Attorneys also debated the implications of a photograph submitted as evidence by the defense team, of a teenage Christensen having what seemed a normal relationship with the family, the content of recordings of his jailhouse phone calls and a motion from prosecutors to exclude a random SpongeBob SquarePants reference Christensen made to his then-girlfriend, Terra Bullis, in a conversation she secretly recorded for the FBI. To that,  defense attorney Elisabeth Pollock told Judge Jim Shadid, "I can categorically represent that I am not going to bring up SpongeBob SquarePants in my closing statements." That brought laughter in the courtroom. 

Eventually, the jury was brought in. Government prosecutors and the defense team wrapped up their evidence for the penalty phase of the trial fairly quickly. The defense rested and the government prosecutors had a chance to redirect. They called a single witness who had been on the stand multiple times: FBI Special Agent Andrew Huckstadt. He was the  Agent In-Charge of the Case and has been in the courtroom for the entire trial. 

Prosecutors replayed portions of recorded phone conversations Christensen’s had with his family since he’s been in jail.
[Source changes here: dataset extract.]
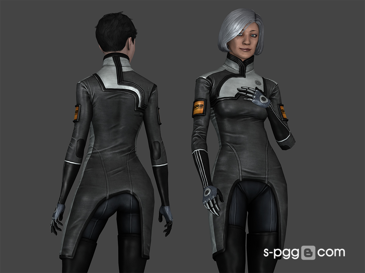 2. Внешность и одежда: броня "Аякс", логотип Цербера заметно замазан серой краской, на голове такие вот косы, ресницы очень густо накрашены

They did that with Huckstadt on the stand, as he had secured the tapes for federal prosecutors. Prosecutors were aiming to clean up or refute things the defense had presented. It was a short presentation, and so was the cross-examination by defense attorney Pollock.  

Jurors were recessed at mid-morning,  and attorneys spent the rest of the day negotiating word by word, and phrase by phrase, the instructions the jury will receive to guide their deliberations. 

Jurors return to the courtroom Wednesday about 9:00 A.M.,  to hear Judge Shadid’s instructions before the attorneys’ closing statements. And then deliberations on Christensen's sentence will begin.